• **Problem requirements**
When you copy the material below, keep every line exact and omit the pictures.

++++

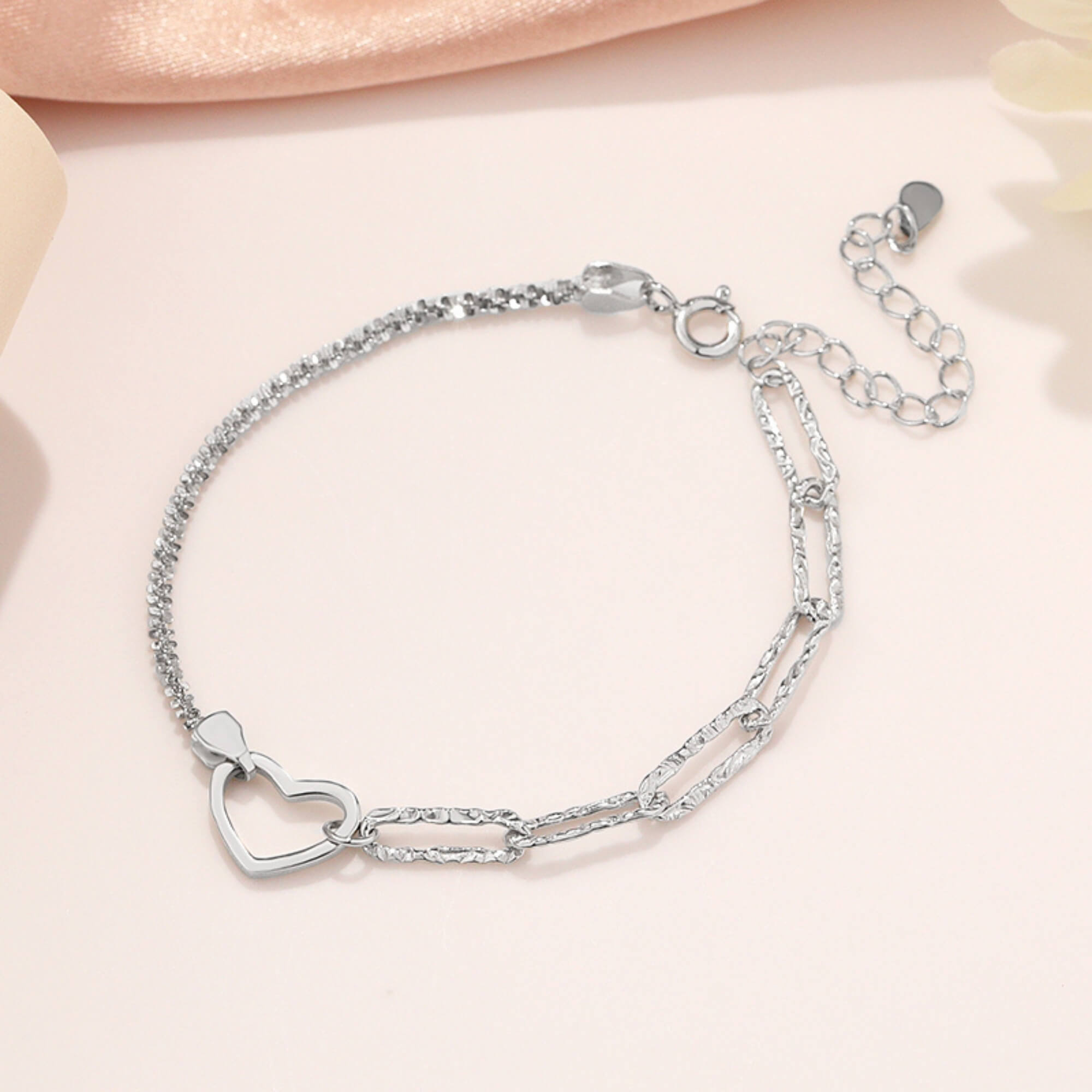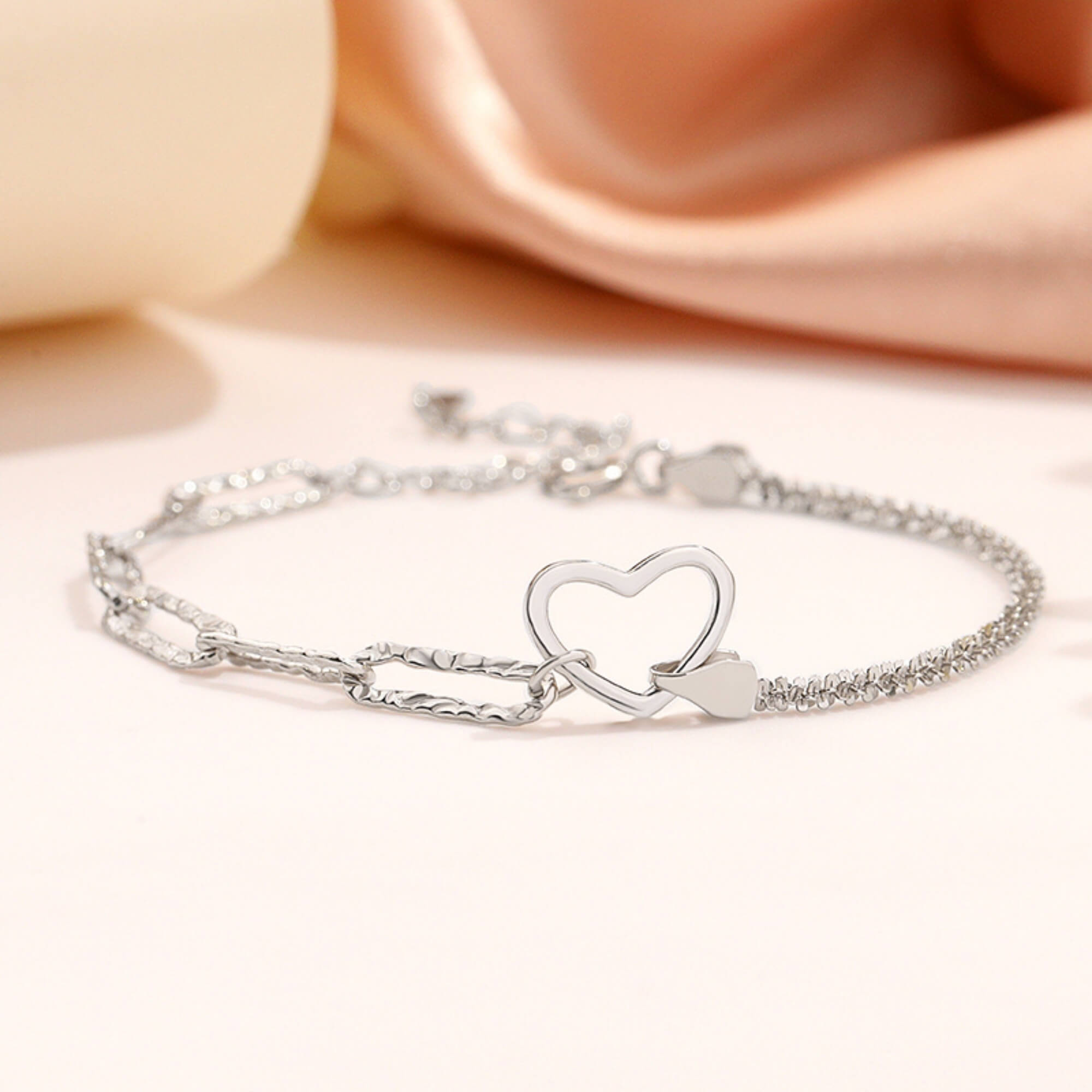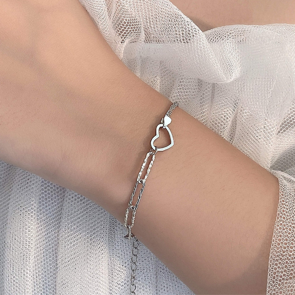 Sterling silver bracelet featuring a double Venetian chain and a heart centerpiece. A thoughtful design that feels personal and makes a beautiful gift.
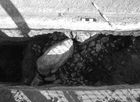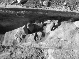 Finally, two structures were revealed. The first consists of two rooms; one rectangular and one oval-shaped (Fig. 6). This structure contained pottery sherds, shells, obsidian tools, stone tools, a hand-axe and a terracotta spindle-whorl, and its floor was made with carefully placed rubble (Fig. 7). The second structure (Fig. 8), which dates to the Bronze Age, contained obsidian flakes and animal bones.
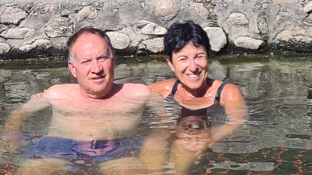 הגענו למקום חפצנו. עשרות אנשים יושבים על גדות נהר Caldo ועוד כמה מצטופפים בבריכה הרומית העתיקה. המים חמים – 40 מעלות אבל מלוכלכים באצות ומינים ברושים וזבובים.חיש קל לובשים בגדי ים (איבדנו כל בושה) בחנייה והולכים למים. לא מעניין אותנו שהאצות נדבקות אלינו היה נעים והרגשנו כמו שני היפופוטמים 😌😌😌 סביבנו מגדל בבל – אנגלית , פורטוגזית ובעיקר צרפתית. הם כבשו את הארץ. חצי שעה בהחלט הספיקה ויוצאים לדרך.
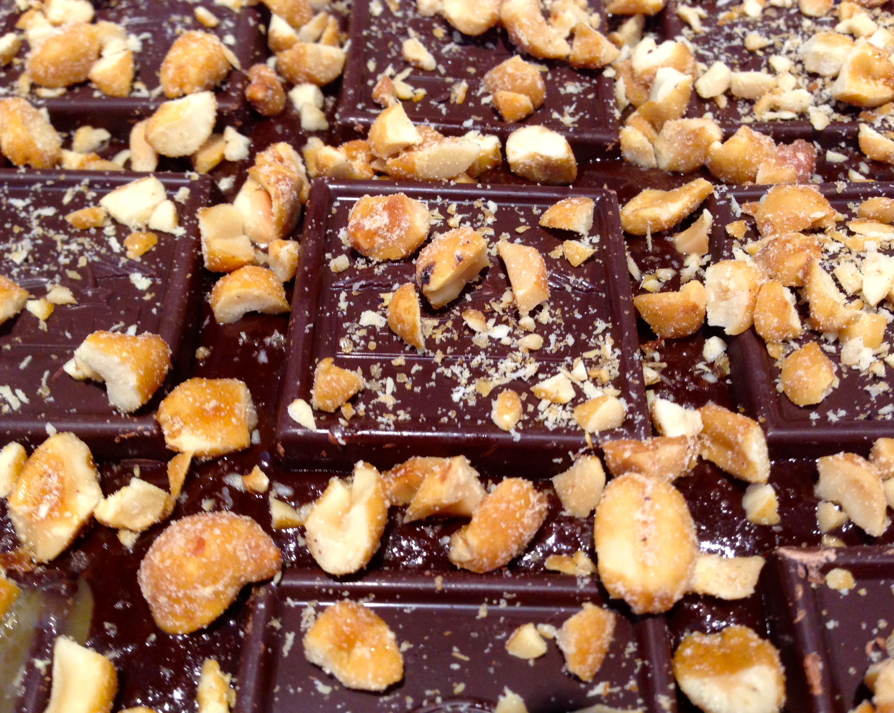 Sprinkle the peanuts on top. Let cool until the chocolate hardens. Cut into bars and serve. Keep in a airtight container for up to three days.
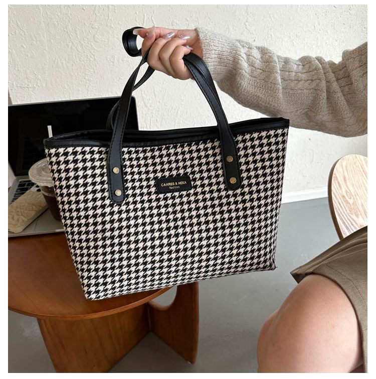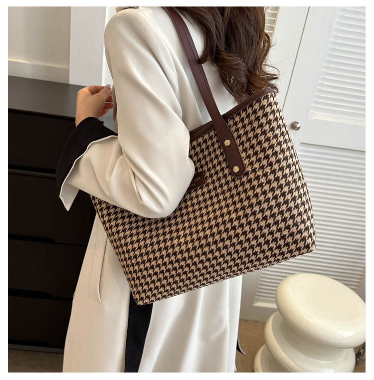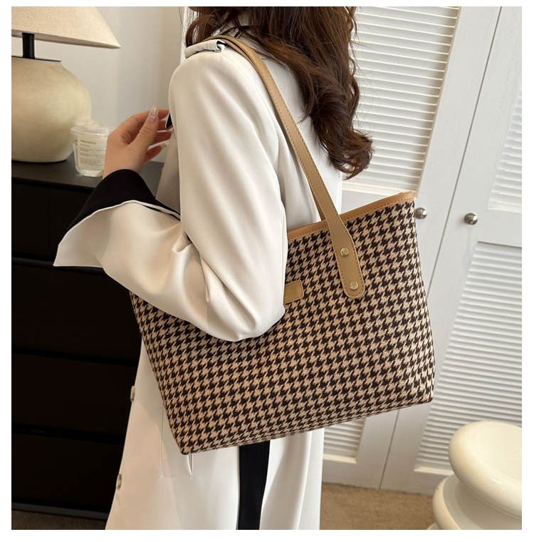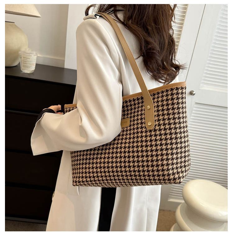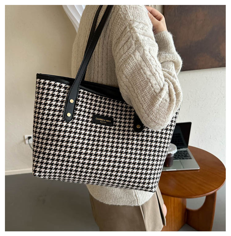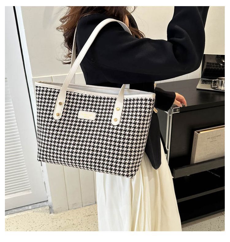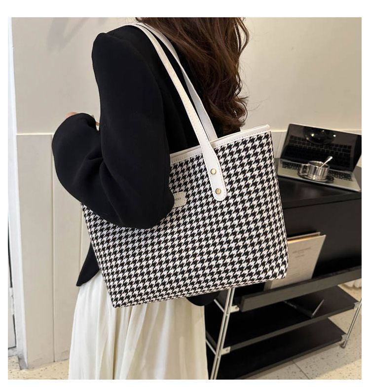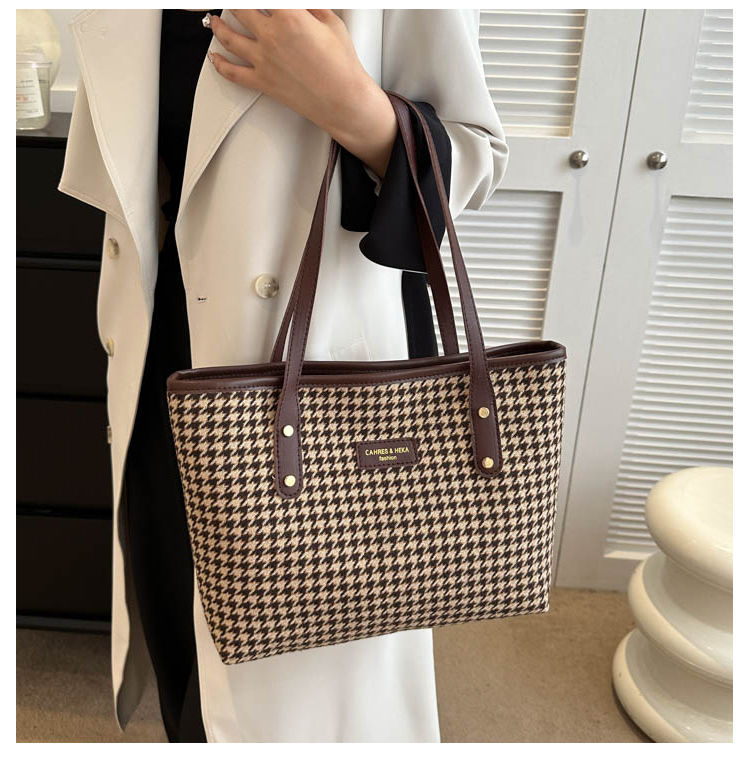 Houndstooth 가방 2025 새로운 복고풍 고급 질감 숄더백 통근 대용량 휴대용 여성용 토트 백
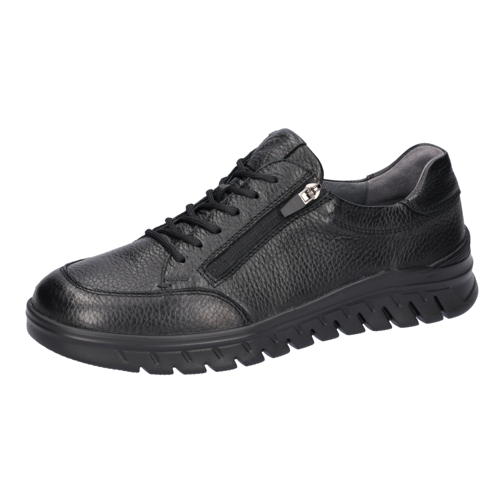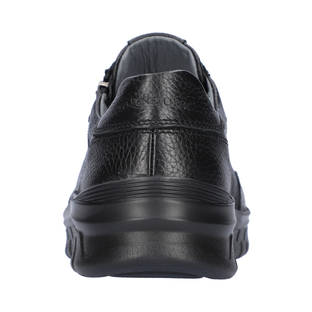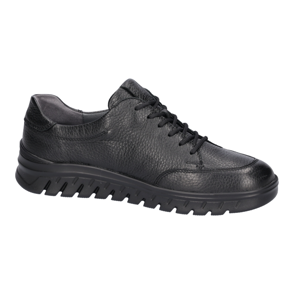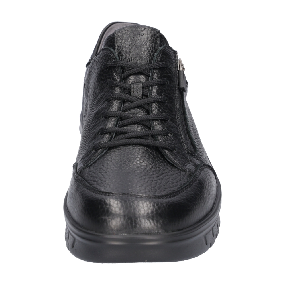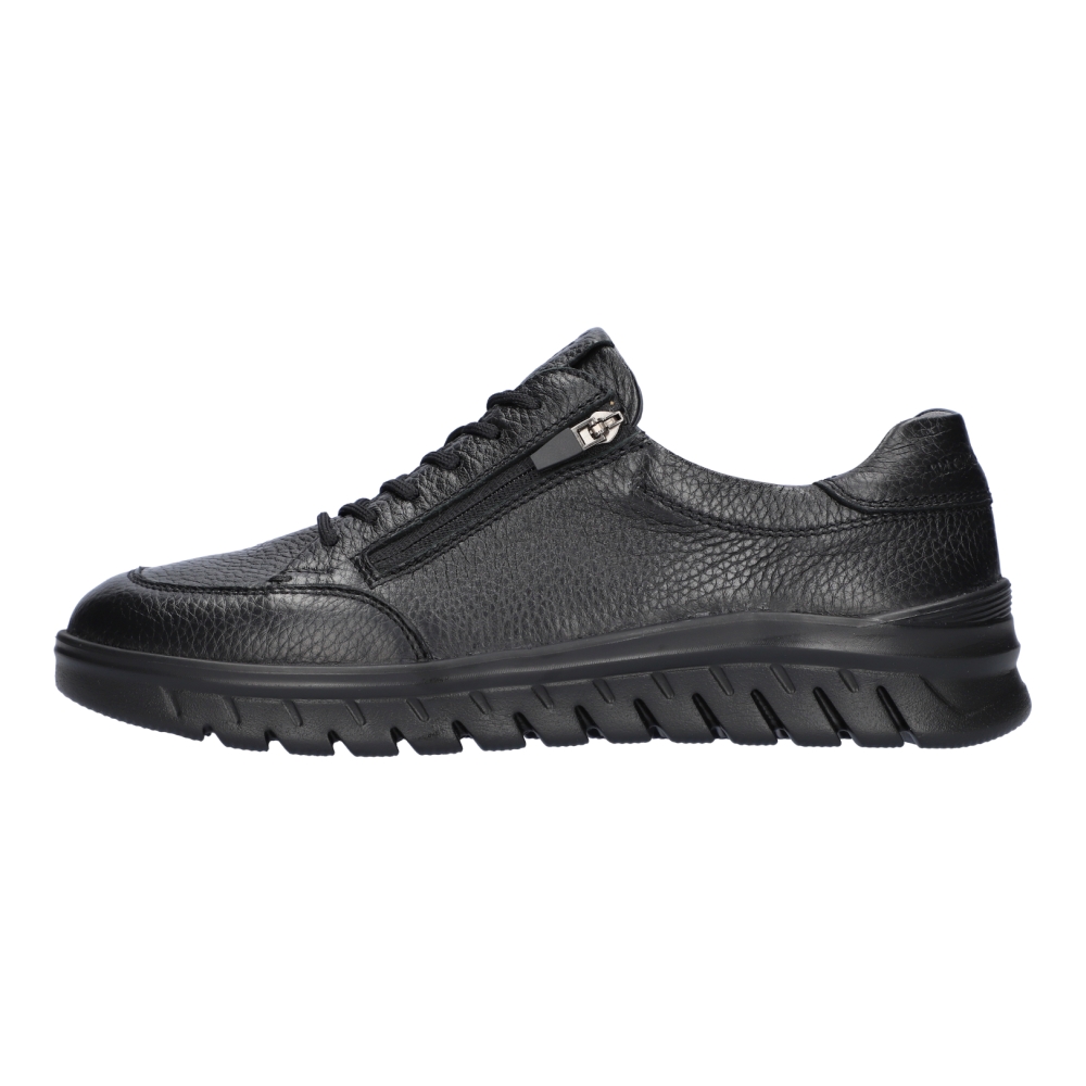 Typ: półbuty męskie Kolor: czarny Materiał wierzchni: skóra naturalna Wnętrze buta: skóra naturalna Wysokość klinu: 35 mm Dodatkowe informacje: Powiększona tęgość H przeznaczona jest dla Panów z wysokim podbiciem. Wyjmowana wkładka daje możliwość wymiany na własną wkładkę ortopedyczną, suwak z boku ułatwiający zakładanie. Buty wykonane z bardzo miękkiej skóry jelenia, zapewniają komfort użytkowania. Solidna podeszwa amortyzuje mikro-wstrząsy. Opracowano kształt buta w taki sposób, że wizualnie wrażenie jest szczuplejszej tęgości.
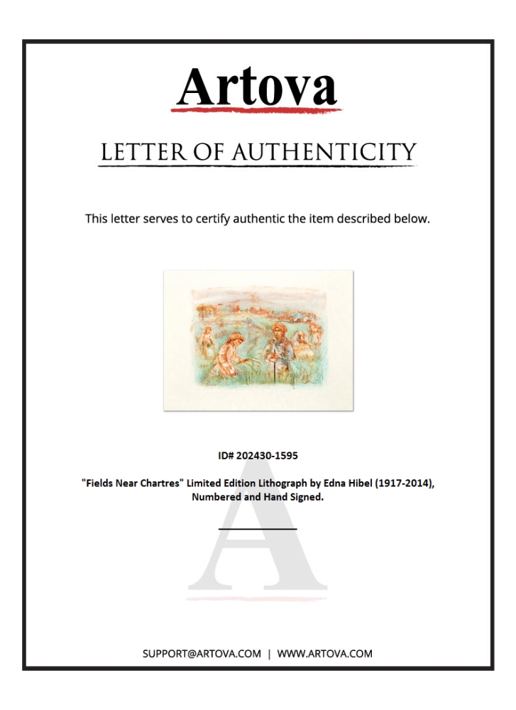 "Fields Near Chartres" is a limited edition lithograph on rice paper, numbered and hand-signed by Edna Hibel (1917-2014). Includes Certificate of Authenticity! Measures approx. 30.5" x 22.5" (with border), 22" x 16" (image).

++++

• **Exercise solution**
 Sterling silver bracelet featuring a double Venetian chain and a heart centerpiece. A thoughtful design that feels personal and makes a beautiful gift.
 Finally, two structures were revealed. The first consists of two rooms; one rectangular and one oval-shaped (Fig. 6). This structure contained pottery sherds, shells, obsidian tools, stone tools, a hand-axe and a terracotta spindle-whorl, and its floor was made with carefully placed rubble (Fig. 7). The second structure (Fig. 8), which dates to the Bronze Age, contained obsidian flakes and animal bones.
 הגענו למקום חפצנו. עשרות אנשים יושבים על גדות נהר Caldo ועוד כמה מצטופפים בבריכה הרומית העתיקה. המים חמים – 40 מעלות אבל מלוכלכים באצות ומינים ברושים וזבובים.חיש קל לובשים בגדי ים (איבדנו כל בושה) בחנייה והולכים למים. לא מעניין אותנו שהאצות נדבקות אלינו היה נעים והרגשנו כמו שני היפופוטמים 😌😌😌 סביבנו מגדל בבל – אנגלית , פורטוגזית ובעיקר צרפתית. הם כבשו את הארץ. חצי שעה בהחלט הספיקה ויוצאים לדרך.
 Sprinkle the peanuts on top. Let cool until the chocolate hardens. Cut into bars and serve. Keep in a airtight container for up to three days.
 Houndstooth 가방 2025 새로운 복고풍 고급 질감 숄더백 통근 대용량 휴대용 여성용 토트 백
 Typ: półbuty męskie Kolor: czarny Materiał wierzchni: skóra naturalna Wnętrze buta: skóra naturalna Wysokość klinu: 35 mm Dodatkowe informacje: Powiększona tęgość H przeznaczona jest dla Panów z wysokim podbiciem. Wyjmowana wkładka daje możliwość wymiany na własną wkładkę ortopedyczną, suwak z boku ułatwiający zakładanie. Buty wykonane z bardzo miękkiej skóry jelenia, zapewniają komfort użytkowania. Solidna podeszwa amortyzuje mikro-wstrząsy. Opracowano kształt buta w taki sposób, że wizualnie wrażenie jest szczuplejszej tęgości.
 "Fields Near Chartres" is a limited edition lithograph on rice paper, numbered and hand-signed by Edna Hibel (1917-2014). Includes Certificate of Authenticity! Measures approx. 30.5" x 22.5" (with border), 22" x 16" (image).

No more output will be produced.